Your output should repeat the entries below exactly. It should contain no images.

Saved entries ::
........

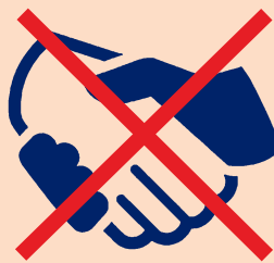
FAKA'EHÍ'EHI MEI HE FEOHI VĀOFI MO HA NI'IHI KEHE
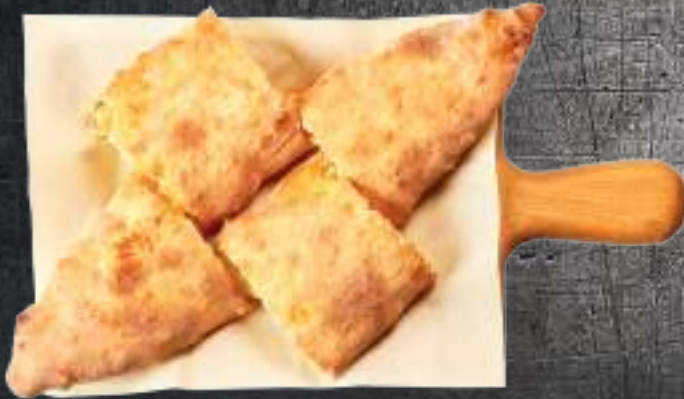
Թոնրի խաչապուրի պանրի տեսականի, համեմունք Хачапури в тандыре сырное ассорти, специи
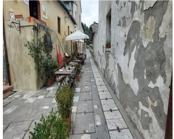
17 Percorso privo di ostacoli
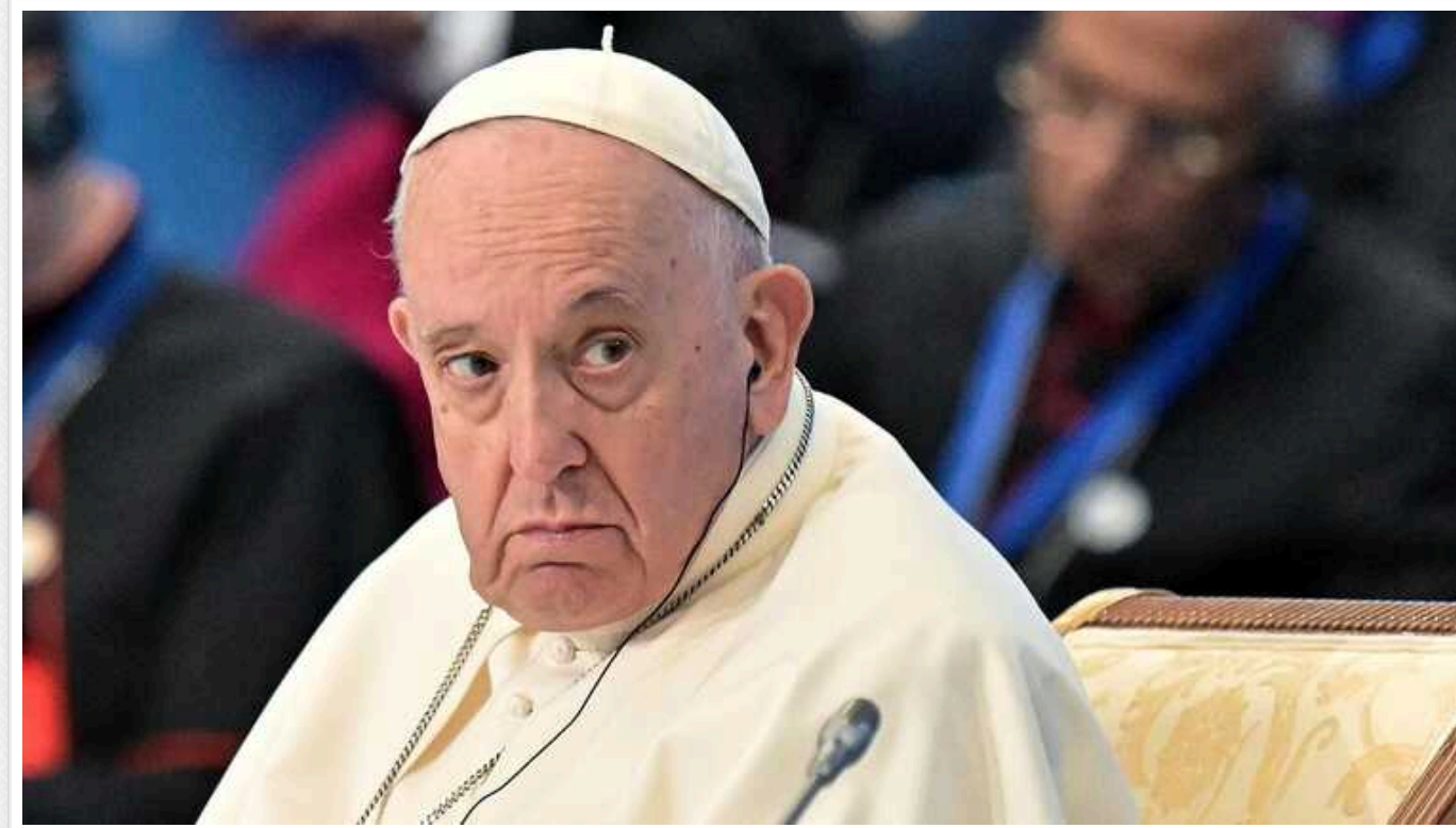
Франциск своєю ідеєю про необхідність України піти на переговори порушив тему, яку в Європі не наважуються обговорювати
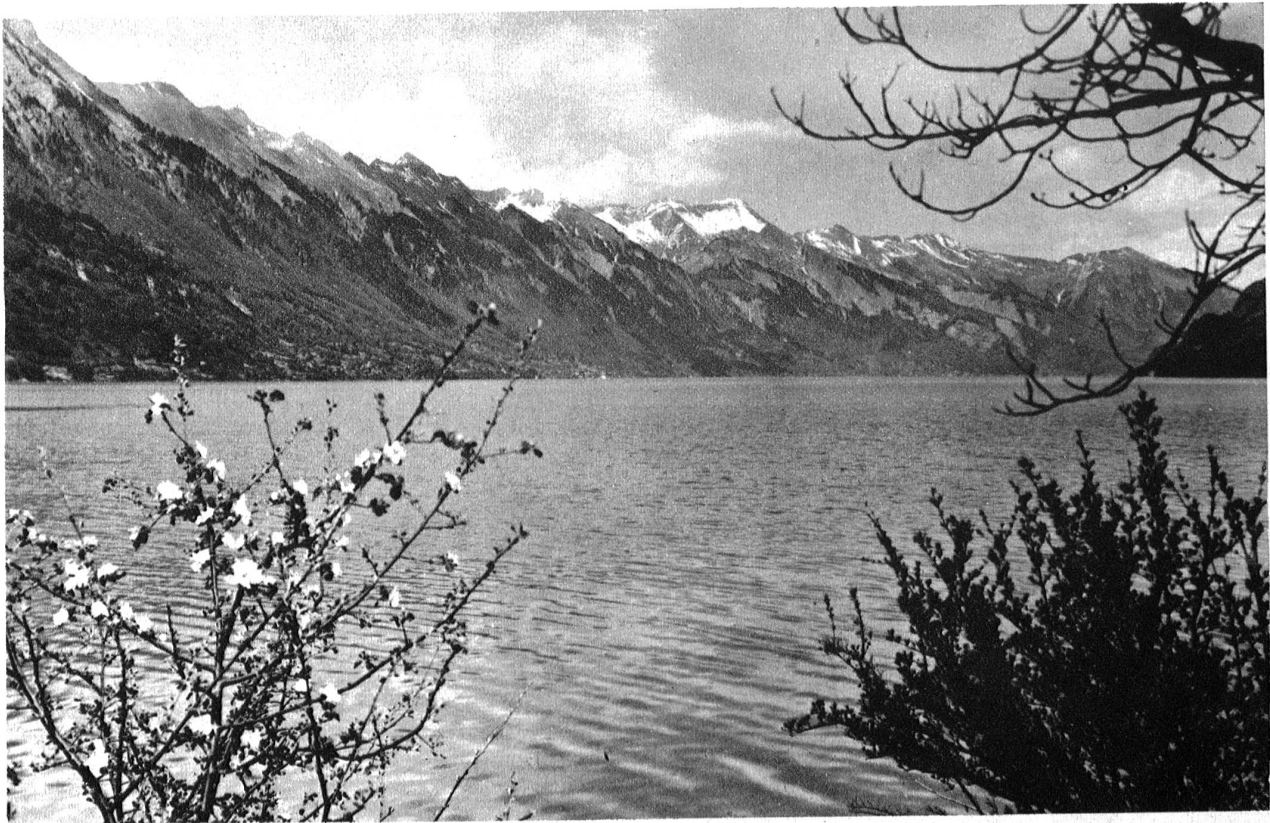
Am Brienzsee bei Bönigen.
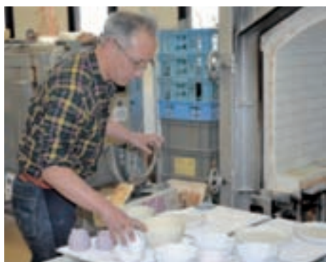
世界に一つしかないものばかりなので慎重に作業を進めます

最近では、幼稚園や学校などでも絵付け体験をしている所があるので、子どもから大人までたくさんの人にモノづくりの楽しさを広めていきたいと思っています。
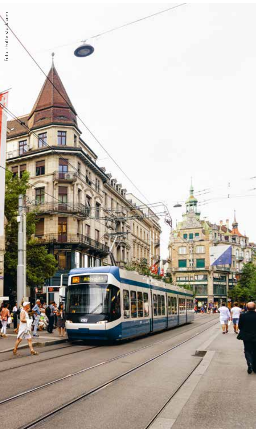
Nicht alle können sich den Luxus der Bahnhofstrasse leisten.

Während die beschriebenen Indikatoren und Schicksale einen zermürbenden Eindruck hinterlassen können, gibt es auch Gründe für Hoffnung. In seiner Arbeit wirbt der kolumbianisch-französische Stadtforscher Carlos Moreno zum Beispiel für eine «15-Minuten-Stadt», in der Wohnen, Arbeiten, Einkaufen, Gesundheitsversorgung, Ausbildung und Freizeit innerhalb dieses Zeitradius liegen. «Lebendig bleiben Städte, die auf ökologische, ökonomische und soziale Werte setzen», sagt Moreno. Ansätze hiervon lassen sich in Paris oder anderen Metropolen entdecken: Die Transformation, Städte mit Hinblick auf Soziales und Nachhaltigkeit neu zu gestalten, wird in Hinblick auf die Chancen und Probleme des Stadtlebens immer prävalenter, wie es sich auch in Zürich zeigt. «Das soziale Stadtleben kennt viele Akteurinnen und Akteure – allen voran die Menschen in der Stadt Zürich, die sich für die Gemeinschaft und das Gemeinwohl engagieren und somit das soziale Stadtleben wesentlich prägen», heisst es in einer Broschüre der Stadt Zürich von Anfang dieses Jahres, und die meisten würden dem wohl zustimmen. Mit Quartierprojekten, lokalen Vereinen oder globalen Organisationen gibt es zahlreiche Möglichkeiten im Kleinen das Grosse zu verändern. Ganz nach der Vision in der Broschüre «Alle machen Zürich! Die Menschen in Zürich gestalten ihren Lebensraum und prägen das Stadtleben», können wir uns alle für ein soziales Miteinander einsetzen und alle mit einbeziehen. Von alleine geht das natürlich nicht. Los geht's.
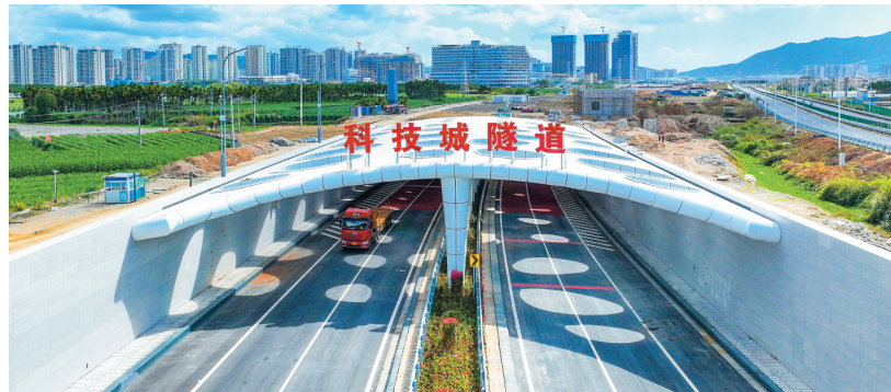
通车后车辆有序进出隧道。

南国都市报1月15日讯(记者 符彩云)15日上午10时许,随着第一辆红色汽车驶入科技城隧道,标志着环岛高速崖州湾科技城段改建工程项目实现隧道部分主体完工通车。
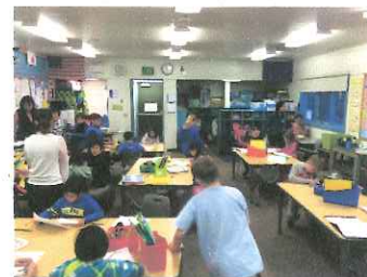
サンドレイク小学校での授業の様子
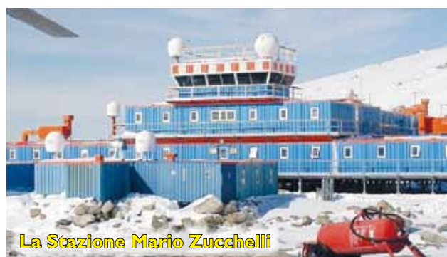
La Stazione Mario Zucchelli

La ricerca polare oggi riceve a livello globale una sempre maggiore attenzione vista l'importanza di queste aree nelle dinamiche climatiche globali. In particolare, la ricerca in aree polari è prioritaria per l'Italia, membro del Trattato Antartico e osservatore del Consiglio Artico. Per questo motivo la N/R Laura Bassi ha tra i suoi obiettivi non solo di consentire la ricerca oceanografica e geofisica dei ricercatori dell'Ente e della comunità scientifica nazionale ed europea ma anche di fornire supporto scientifico e logistico alle missioni polari italiane trasportando, per esempio, beni e risorse umane da e verso la Stazione Mario Zucchelli, la base di ricerca italiana in Antartide.
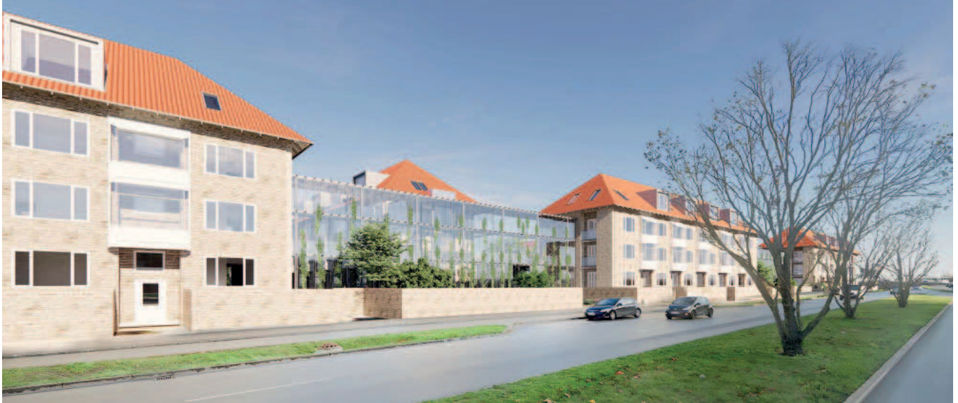
Illustration af støj-orangeri mellem blokke mod Folehaven, med glasfacader og adgangssystem for tilgængelighedsboliger
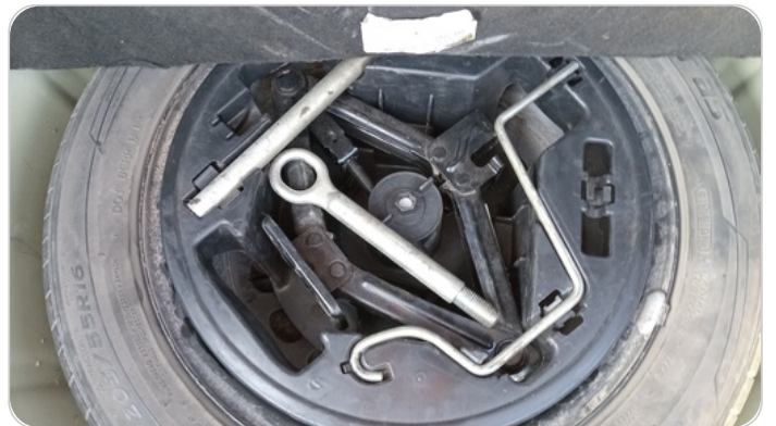
العدة وأدوات الأمان : متوفرة (بحالة جيدة)
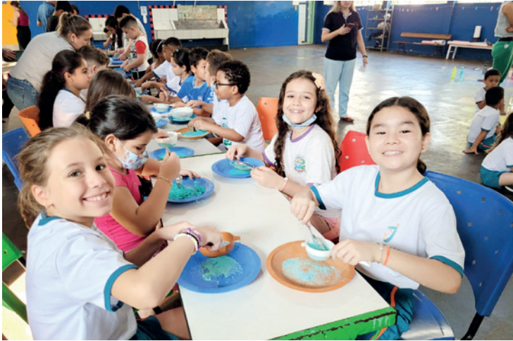
Os alunos se divertiram com o pó colorido que eles próprios produziram em comemoração a chegada da Primavera e Dia das Crianças

Pensando em proporcionar aos alunos uma semana da criança diferente, de modo que eles pudessem vivenciar novas experiências, os gestores da E. M. Profª Elza Pirro Viana ofereceram às crianças uma semana voltada para o brincar, com o objetivo de auxiliá-los na formação, socialização, desenvolvimento de habilidades psicomotoras, sociais, físicas, afetivas, cognitivas e emocionais, pois ao brincar as crianças expõem sentimentos, aprendem, constroem, exploram, pensam, sentem e se movimentam. Para que tudo isso acontecesse da forma mais prazerosa e divertida possível, a equipe gestora decidiu estabelecer o dia 7 de outubro para a realização de atividades, oficina de
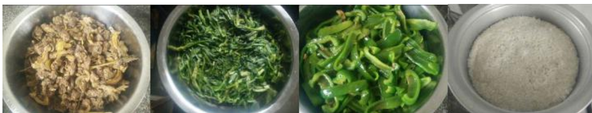
图 12 当日菜品组图
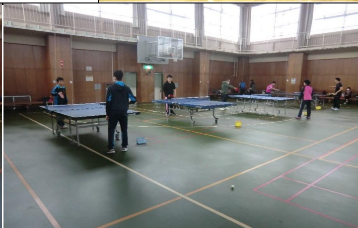
④ 2020/10/17 練習風景
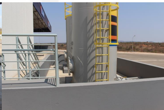
Foto 19 e 20 – área coberta para troca de óleo, com piso concretado com canaletas ligadas ao SSAO, e dois tanques aéreos de capacidade de armazenamento de 10 m 3 cada de óleo para motor; sendo que os tanques aéreos estão dentro de uma bacia de contenção de concreto e com canaletas ligadas ao SSAO;
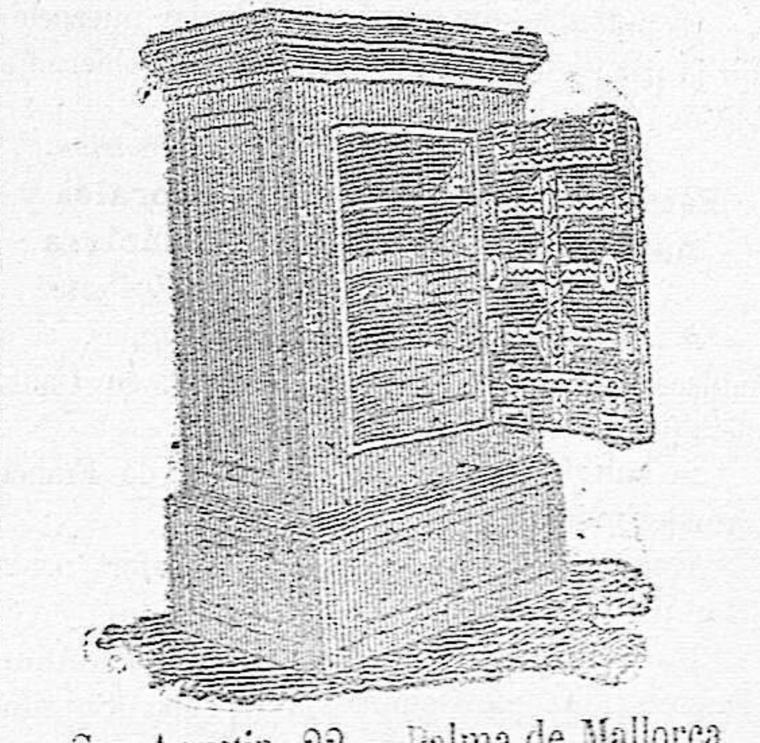
San Agustín, 22.—Palma de Mallorca

Viaje de recreo A LAS MARAVILLOSAS CUEVAS DEL DRACH TÉRMINO DE MANACOR — Ida y vuelta el mismo día. — Precios de entrada á las mismas: De una hasta cinco personas 750 pesetas. Por cada persona de aumento 150. El guía de las Cuevas, vive calle de Artá, núm. 31 en Manacor.
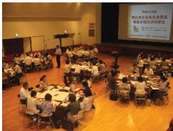
民生委員児童委員福祉活動交流研修会
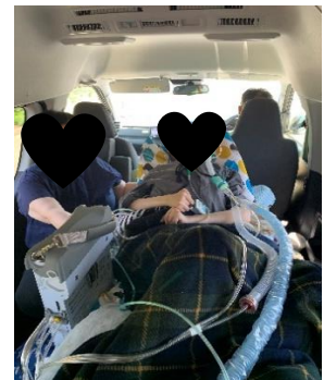
介護タクシーの様子
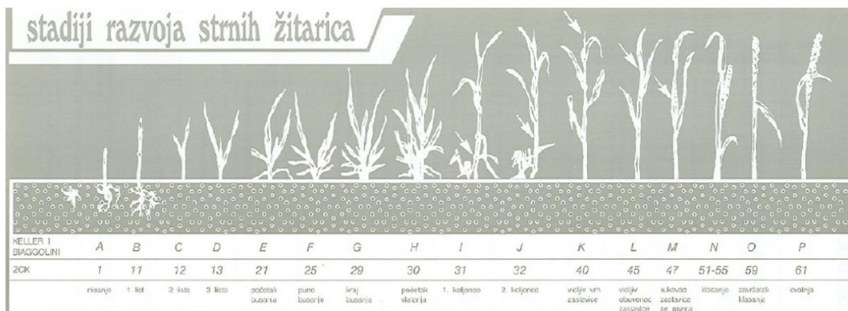
Slika 4 Stupnjevi razvoja strnih žita

Faze koje biljka prolazi u svom životnom ciklusu: bubrenje i klijanje, nicanje, ukorjenjavanje, busanje, vlatanje, klasanje, cvjetanje i oplodnja, formiranje, naljevanje i sazrijevanje zrna.
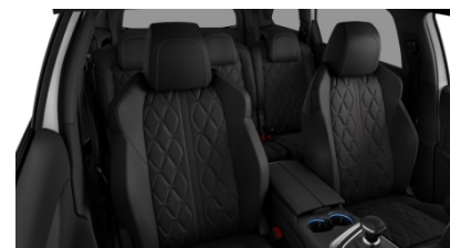
Pack Cuir 'Nappa'
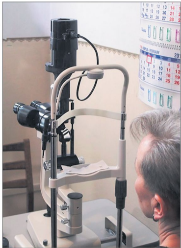
Для Володимир-Волинського ТМО придбали обладнання для діагностики зору

1 млн грн – капремонт басейну ЗОШ I-III ст. №5 ім. Анатолія Кореневського
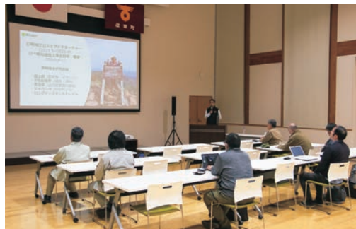
役場町民ホールで行われた活動報告会には、町内外から10人余りが参加

し、今も継続されています。4月30日で任期を終える関さんですが、5月1日から指定管理者「一般社団法人 浄土日和」の職員として勤務し、施設の利用活用を図るため活動しており、さらなる活躍に期待が高まります。
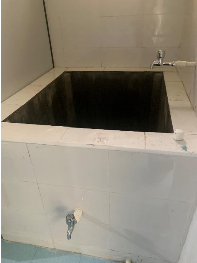
Toiletgebouw dak, wasbak

........

Answer to this problem ::
FAKA'EHÍ'EHI MEI HE FEOHI VĀOFI MO HA NI'IHI KEHE
Թոնրի խաչապուրի պանրի տեսականի, համեմունք Хачапури в тандыре сырное ассорти, специи
17 Percorso privo di ostacoli
Франциск своєю ідеєю про необхідність України піти на переговори порушив тему, яку в Європі не наважуються обговорювати
Am Brienzsee bei Bönigen.
世界に一つしかないものばかりなので慎重に作業を進めます

最近では、幼稚園や学校などでも絵付け体験をしている所があるので、子どもから大人までたくさんの人にモノづくりの楽しさを広めていきたいと思っています。
Nicht alle können sich den Luxus der Bahnhofstrasse leisten.

Während die beschriebenen Indikatoren und Schicksale einen zermürbenden Eindruck hinterlassen können, gibt es auch Gründe für Hoffnung. In seiner Arbeit wirbt der kolumbianisch-französische Stadtforscher Carlos Moreno zum Beispiel für eine «15-Minuten-Stadt», in der Wohnen, Arbeiten, Einkaufen, Gesundheitsversorgung, Ausbildung und Freizeit innerhalb dieses Zeitradius liegen. «Lebendig bleiben Städte, die auf ökologische, ökonomische und soziale Werte setzen», sagt Moreno. Ansätze hiervon lassen sich in Paris oder anderen Metropolen entdecken: Die Transformation, Städte mit Hinblick auf Soziales und Nachhaltigkeit neu zu gestalten, wird in Hinblick auf die Chancen und Probleme des Stadtlebens immer prävalenter, wie es sich auch in Zürich zeigt. «Das soziale Stadtleben kennt viele Akteurinnen und Akteure – allen voran die Menschen in der Stadt Zürich, die sich für die Gemeinschaft und das Gemeinwohl engagieren und somit das soziale Stadtleben wesentlich prägen», heisst es in einer Broschüre der Stadt Zürich von Anfang dieses Jahres, und die meisten würden dem wohl zustimmen. Mit Quartierprojekten, lokalen Vereinen oder globalen Organisationen gibt es zahlreiche Möglichkeiten im Kleinen das Grosse zu verändern. Ganz nach der Vision in der Broschüre «Alle machen Zürich! Die Menschen in Zürich gestalten ihren Lebensraum und prägen das Stadtleben», können wir uns alle für ein soziales Miteinander einsetzen und alle mit einbeziehen. Von alleine geht das natürlich nicht. Los geht's.
通车后车辆有序进出隧道。

南国都市报1月15日讯(记者 符彩云)15日上午10时许,随着第一辆红色汽车驶入科技城隧道,标志着环岛高速崖州湾科技城段改建工程项目实现隧道部分主体完工通车。
サンドレイク小学校での授業の様子
La Stazione Mario Zucchelli

La ricerca polare oggi riceve a livello globale una sempre maggiore attenzione vista l'importanza di queste aree nelle dinamiche climatiche globali. In particolare, la ricerca in aree polari è prioritaria per l'Italia, membro del Trattato Antartico e osservatore del Consiglio Artico. Per questo motivo la N/R Laura Bassi ha tra i suoi obiettivi non solo di consentire la ricerca oceanografica e geofisica dei ricercatori dell'Ente e della comunità scientifica nazionale ed europea ma anche di fornire supporto scientifico e logistico alle missioni polari italiane trasportando, per esempio, beni e risorse umane da e verso la Stazione Mario Zucchelli, la base di ricerca italiana in Antartide.
Illustration af støj-orangeri mellem blokke mod Folehaven, med glasfacader og adgangssystem for tilgængelighedsboliger
العدة وأدوات الأمان : متوفرة (بحالة جيدة)
Os alunos se divertiram com o pó colorido que eles próprios produziram em comemoração a chegada da Primavera e Dia das Crianças

Pensando em proporcionar aos alunos uma semana da criança diferente, de modo que eles pudessem vivenciar novas experiências, os gestores da E. M. Profª Elza Pirro Viana ofereceram às crianças uma semana voltada para o brincar, com o objetivo de auxiliá-los na formação, socialização, desenvolvimento de habilidades psicomotoras, sociais, físicas, afetivas, cognitivas e emocionais, pois ao brincar as crianças expõem sentimentos, aprendem, constroem, exploram, pensam, sentem e se movimentam. Para que tudo isso acontecesse da forma mais prazerosa e divertida possível, a equipe gestora decidiu estabelecer o dia 7 de outubro para a realização de atividades, oficina de
图 12 当日菜品组图
④ 2020/10/17 練習風景
Foto 19 e 20 – área coberta para troca de óleo, com piso concretado com canaletas ligadas ao SSAO, e dois tanques aéreos de capacidade de armazenamento de 10 m 3 cada de óleo para motor; sendo que os tanques aéreos estão dentro de uma bacia de contenção de concreto e com canaletas ligadas ao SSAO;
San Agustín, 22.—Palma de Mallorca

Viaje de recreo A LAS MARAVILLOSAS CUEVAS DEL DRACH TÉRMINO DE MANACOR — Ida y vuelta el mismo día. — Precios de entrada á las mismas: De una hasta cinco personas 750 pesetas. Por cada persona de aumento 150. El guía de las Cuevas, vive calle de Artá, núm. 31 en Manacor.
民生委員児童委員福祉活動交流研修会
介護タクシーの様子
Slika 4 Stupnjevi razvoja strnih žita

Faze koje biljka prolazi u svom životnom ciklusu: bubrenje i klijanje, nicanje, ukorjenjavanje, busanje, vlatanje, klasanje, cvjetanje i oplodnja, formiranje, naljevanje i sazrijevanje zrna.
Pack Cuir 'Nappa'
Для Володимир-Волинського ТМО придбали обладнання для діагностики зору

1 млн грн – капремонт басейну ЗОШ I-III ст. №5 ім. Анатолія Кореневського
役場町民ホールで行われた活動報告会には、町内外から10人余りが参加

し、今も継続されています。4月30日で任期を終える関さんですが、5月1日から指定管理者「一般社団法人 浄土日和」の職員として勤務し、施設の利用活用を図るため活動しており、さらなる活躍に期待が高まります。
Toiletgebouw dak, wasbak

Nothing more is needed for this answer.